Here's a little snippet to show how to use this feature:
use phpWTL\phpWTL;
use phpWTL\CombinedLogger;
use phpWTL\DRP;
use phpWTL\DataRetrievalPolicy;
use phpWTL\DataRetrievalPolicyHelper;
use phpWTL\LogWriter\FLW\FileLogWriter;
use phpWTL\LogWriter\FLW\FileLogWriterHelper;
use phpWTL\Tools\ipTools;
define('PATH_TO_PHPWTL', '../phpWTL/');
require_once PATH_TO_PHPWTL.'phpWTL.php';
require_once PATH_TO_PHPWTL.'CombinedLogger.php';
require_once PATH_TO_PHPWTL.'LogWriter/FLW/FileLogWriter.php';
require_once PATH_TO_PHPWTL.'LogWriter/FLW/FileLogWriterHelper.php';
require_once PATH_TO_PHPWTL.'Tools/ipTools.php';
// instantiate a logger for "combined" format
$logger= CombinedLogger::getInstance();
// instantiate a file log writer
$writer= new FileLogWriter();
// do the actual logging (data retrieval, validation and formatting)
$logger->log();
// anonymize IP address
$ip_orig= $logger->getLoggerContent()->__get("host_ip");
// "ipAnon" might be called without $params if the default is convenient for you
// (the array below represents the default)
// alternative call would be: $ip= ipTools::ipAnon($ip_orig);
$ip= ipTools::ipAnon($ip_orig, array(
'ip4cut' => "1", // anonymize last 1/4 of ip4
'ip6cut' => "5", // anonymize last 5/8 of ip6
'ip4wildcard' => "0", // replace anonymized parts with 0
'ip6wildcard' => "" // replace anonymized parts with empty string
));
if ($logger->getDataValidator()->isValid("host_ip", $ip)) {
$logger->getDataRetriever()->setFieldContent("host_ip", $ip);
$logger->getDataFormatter()->formatAllField("host_ip");
}
// write log entry
$writer->writeToLog($logger->getLoggerContent());
How to deal with JavaScript / JQuery - a real-world showcase (^)
How to log assets in a JavaScript / JQuery environment?

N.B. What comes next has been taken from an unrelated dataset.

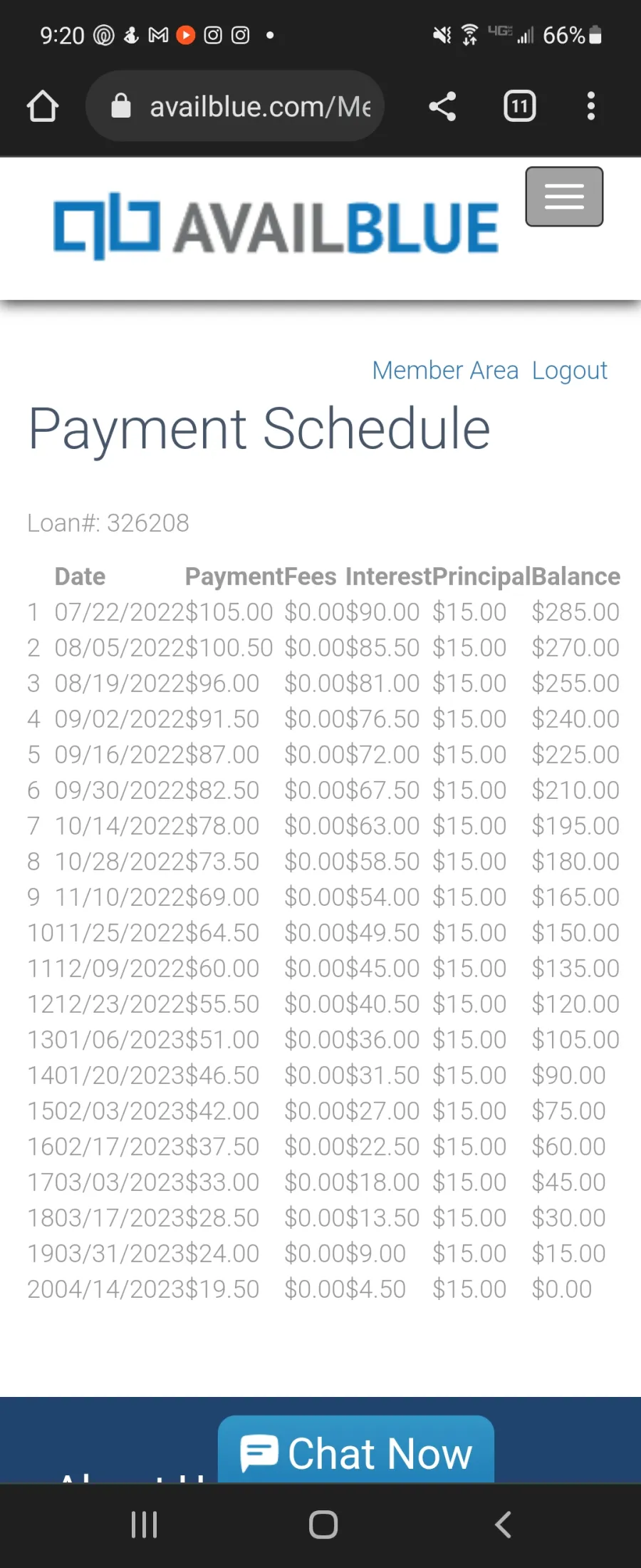This is my so called payment schedule. I was told on the phone that 1. The loan wouldn't be that long and 2. I can pay it off at anytime. We'll I have made two payments I was thinking about going ahead and paying the loan off but after looking at this schedule and reading the reviews it's not worth it. These representatives take advantage of you being I'm a hard place. They tell you what you want to hear I was told my interest rate wasn't going to be high but I look at my loan agreement and it says 384.38% interest. Like where and how can you do that. I only asked for 300 how did my loan end up being 1000 sum. Then someone was supposed to call explaining the payment plan the same day after signing the loan they never did. Because if u would've gotten a detailed explanation I would've just struggled by myself instead of putting myself more in debt.
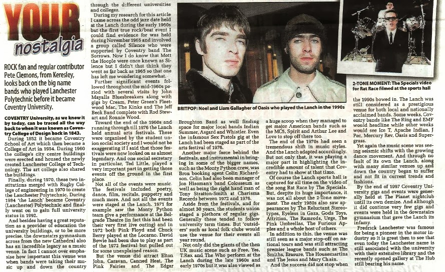 a number of articles on the Lanch for the Coventry Telegraph, using some of the information from the original HoboVox site alongside his own research. This first one gives some of the history of the Lanch and its development as a major Coventry music venue.

Zeitreise HOG is an older and rather small nostalgia photo project to illustrate changes in my hometown of Hofgeismar over the last (roughly) 130 years. Technically it's a little outdated but not much involved or complex. What makes it a little challenging in terms of PHP logging is its basic design and usability concept.
The key element of navigation is a Google based map. Each location of interest is marked by a little pin. If the user clicks on such a pin a small popup div will open and one or more thumbnails of (historical and contemporary combined) images will appear, accompanied by a brief text describing this particular location. A click on the thumbnail will open an overlay which will show the image in full size. If the popup opens, instead of a real thumbnail actually the full-size image is loaded right away. So a subsequent click on the thumbnail will just show the image bigger and won't initiate any new loading process. Let's say for the sake of simplicity: Things are done this way for a (more or less good) reason and because it's an older project, they won't change. So any integration of the logger now has to deal with the situation as it is.
Given this situation: What exactly is the problem?
Besides the obvious page hits, basically we want two things to be logged here. First, each time a user clicks on a marker and so opens a popup, we want to log the loading of the images. We want this to be logged properly, because this is a real request, leading to real payload (in bytes) to be transferred. Second, we want to know if a user actually clicks on a thumbnail, so if they are really interested to see this images in detail. This is something a real webserver would (and also could) never log, because it's just a client side operation and won't initiate any new request. So, hey, we actually discovered a solid advantage of our PHP logging over real logging! But what we DON'T want is to have the image payload logged twice! Because this would distort our logfile analysis in the end. So, how to handle this?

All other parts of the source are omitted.